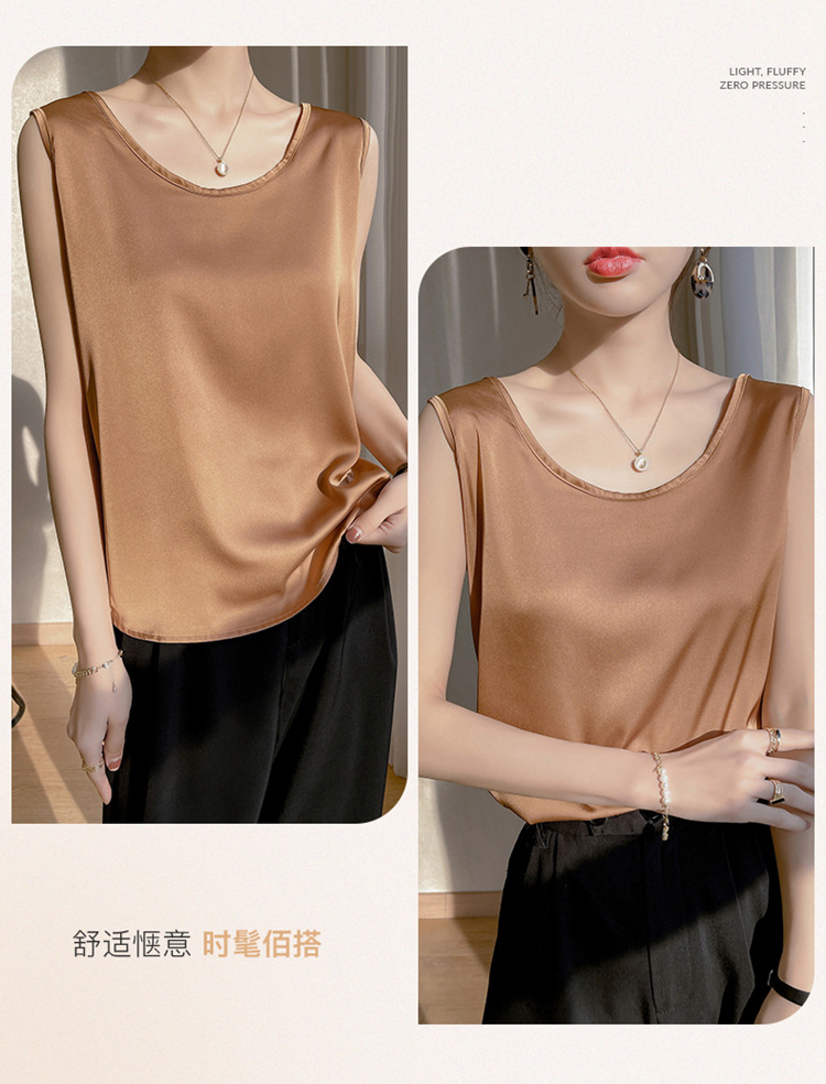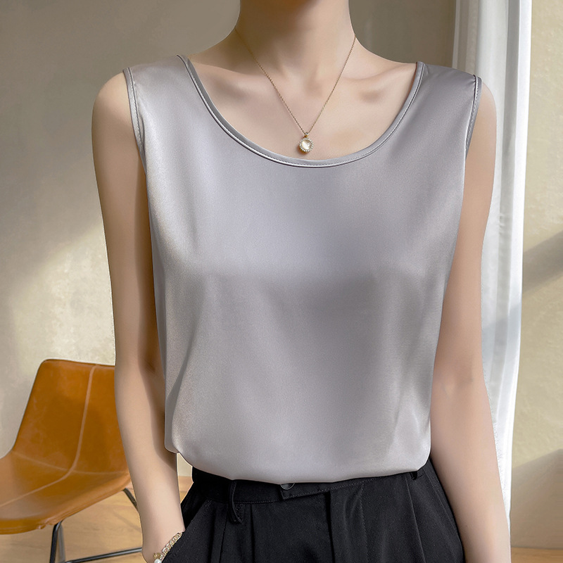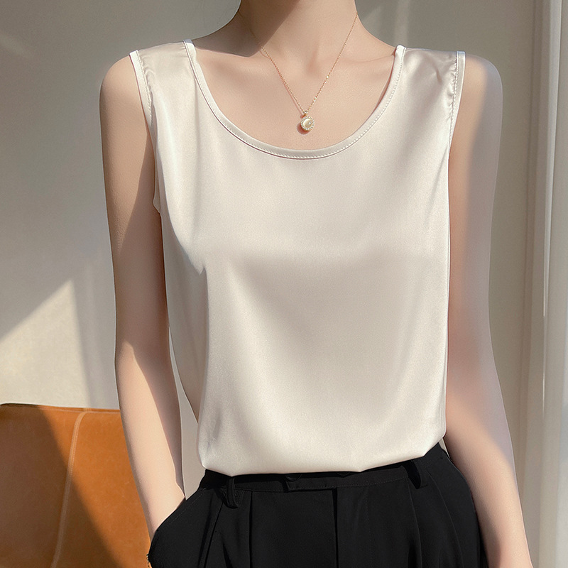 여성용 크로스보더 라운드넥 민소매 탑, 정장 이너웨어 또는 아우터웨어로 착용 가능, 프렌치 스타일, 2025년 여름스토어 가기
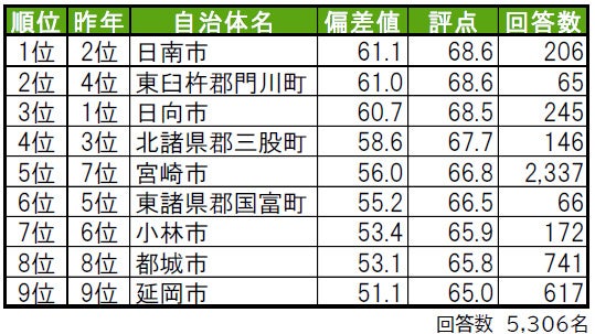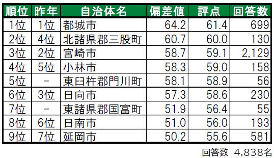 住み続けたい街1位は、2年連続で都城市。2位北諸県郡三股町、3位宮崎市。
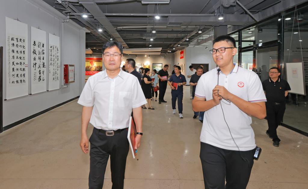 为深入学习贯彻党的二十大精神,以高质量党建引领学校全面发展,6月14日上午,礼赞二十大、永远跟党走、奋进新时代——beat365手机版官网“党的二十大文艺礼赞”作品展在beat365南校区红色文化长廊顺利开幕。校领导裴红彬、张子言、麻立峰,党委委员周哲、齐志辉、周文静、孙小慧出席开幕式。开幕式由党委宣传统战部副部长纪二娟主持。
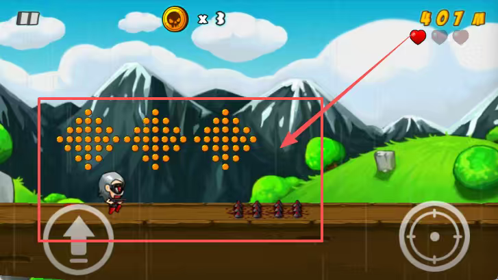 3、在横版闯关游戏场景里,看屏幕上方骷髅头数字和右侧金币数,点左下角红色方框里白色向上箭头就能让角色跳跃。
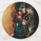Un décor chaleureux de couleur orange et marron donne le ton de ce design mariage de steampunk, avec une horloge vintage, des engrenages et des lignes marron. Au centre, un couple victorien vêtu de sa plus belle tenue steampunk
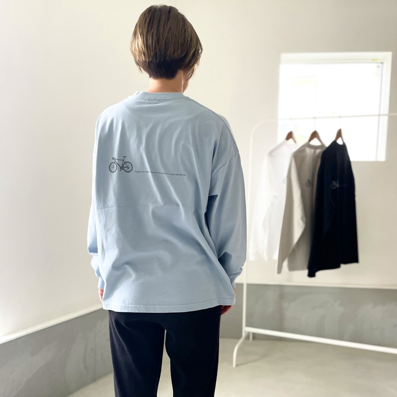 【ユニセックス 】bicycleプリント ビッグシルエット ロングスリーブTシャツ【アシッドブルー】
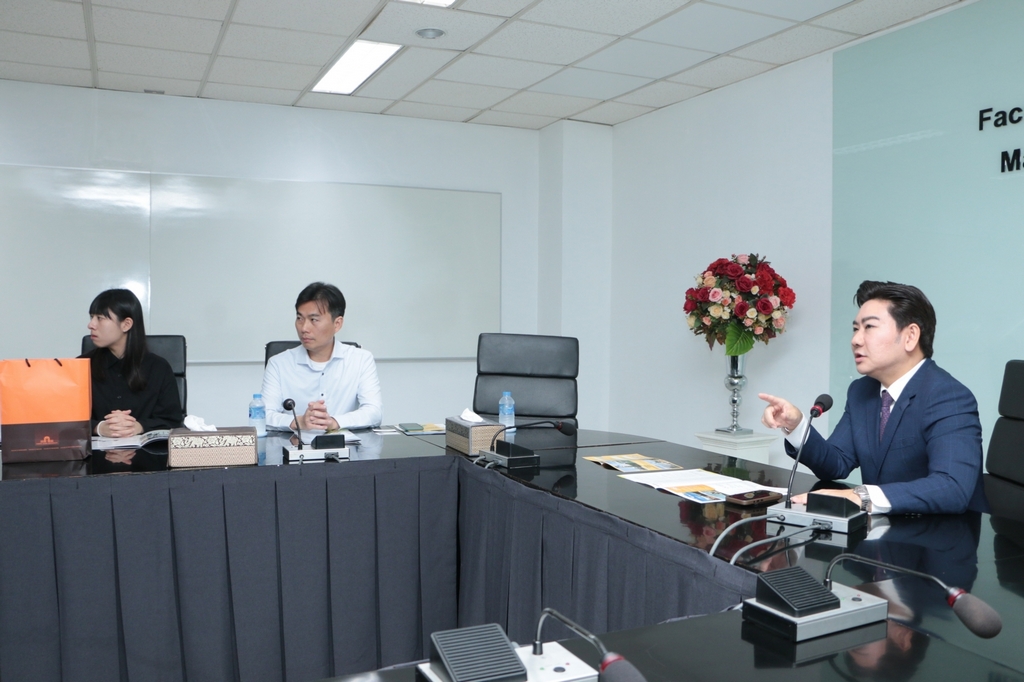 วันที่ 9 มกราคม 2567 รศ.ดร. ธนภัทร์ วานิชานนท์ คณบดีคณะวิศวกรรมศาสตร์ ให้การต้อนรับ Mr. Thomas K.F. Lei, FRSC, FinstP, Dean of the Office of International Affairs จาก Chang Gung University, Department of Biomedical Engineering ในการมาเจรจาความร่วมมือการแลกเปลี่ยนนักศึกษาและการทำหลักสูตร 3+1+1 ณ ห้องประชุม R210 อาคาร 1 คณะวิศวกรรมศาสตร์ มหาวิทยาลัยมหิดล

= = = = = = =

→ Exercise details
Repeat only what lies between the start of the data and the end of the line containing "3、在横版闯关游戏场景里,看", exactly, with pictures left out.

→ Solution for this task
 여성용 크로스보더 라운드넥 민소매 탑, 정장 이너웨어 또는 아우터웨어로 착용 가능, 프렌치 스타일, 2025년 여름스토어 가기
 住み続けたい街1位は、2年連続で都城市。2位北諸県郡三股町、3位宮崎市。
 为深入学习贯彻党的二十大精神,以高质量党建引领学校全面发展,6月14日上午,礼赞二十大、永远跟党走、奋进新时代——beat365手机版官网“党的二十大文艺礼赞”作品展在beat365南校区红色文化长廊顺利开幕。校领导裴红彬、张子言、麻立峰,党委委员周哲、齐志辉、周文静、孙小慧出席开幕式。开幕式由党委宣传统战部副部长纪二娟主持。
 3、在横版闯关游戏场景里,看屏幕上方骷髅头数字和右侧金币数,点左下角红色方框里白色向上箭头就能让角色跳跃。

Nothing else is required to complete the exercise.